L’antica Tiond, chiamata la Verde o I Calen dagli elfi stessi, doveva la sua fondazione a Jerzat, uno dei primi Aran dopo Arabella. Tiond sorgeva nel bosco di Earlann, nel Doriath del nord, un luogo fitto di vegetazione rigogliosa e difficilissimo da percorrere per chi non è pratico del luogo e, soprattutto, per chi non appartiene alla stirpe Sindar, la sola che ben conosce i passaggi o i sentieri più nascosti o le vie più accessibili. Le rovine del villaggio vero e proprio, ancora oggi infestato, sono delimitate dalle anse del Salkien Duin, il Fiume Danzante.

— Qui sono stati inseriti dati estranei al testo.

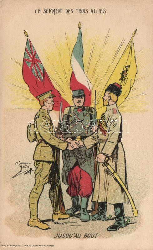 Triple Entente military WWI propaganda, Russia, France, Britain https://www.darabanth.com/hu/14-Nagyaukcio/14.1/Motivum-kepeslapok/Katonai~4433/Triple-Entente-military-WWI-propaganda-Russia-France-Britain~II500574
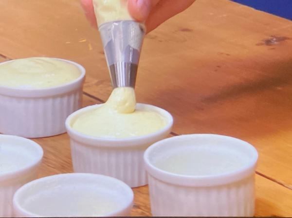 空気をたっぷり含んだメレンゲを生地と合わせてアーモンドエッセンスを加えたらココットへ。

La caratteristica che maggiormente rende Tindunan unica e inimitabile è la sua architettura che, se da una parte si compenetra perfettamente con ogni aspetto dell’ambiente boschivo, dall’altra riesce a rispettarne la natura, il suo aspetto e la mutazione delle ere e delle stagioni. Tindunan è un intreccio di decorazioni e contaminazioni, scambio ed armonia con la foresta, tutto espresso chiaramente attraverso i Telain che sono le tipiche costruzioni sugli alberi, arte squisitamente sindar. La struttura si adatta sempre alla foresta e mai viceversa, esprimendo così, attraverso edifici e costruzioni, il centro spirituale della filosofia di vita di ogni sindar. L’insieme di scalette e ponti, balconate sull’acqua e sulle alte cime delle secolari querce, trova  il suo culmine nei vari edifici squisitamente realizzati con gusto elfico, come la Locanda. I laboratori, le sale semplici e molto naturali, di convivialità e di studio, si alternano a luoghi dove dimorano fiere e fiori dai più variopinti colori, fino al tempio Arboreo di Suldanas, il Dio maggiormente venerato dai Sindar.

La Tindunan città dei Sindar oggi è fa parte del Regno di Valinor, governato dalla coppia reale, il quenya Makindur degli Eldamar, e la sindar Beriannen en Nimbreth, giovane figlia di Agar en Nimbreth, primogenito di Arabella, la Regina “Bereth” più amata e leggendaria della vecchia Tiond.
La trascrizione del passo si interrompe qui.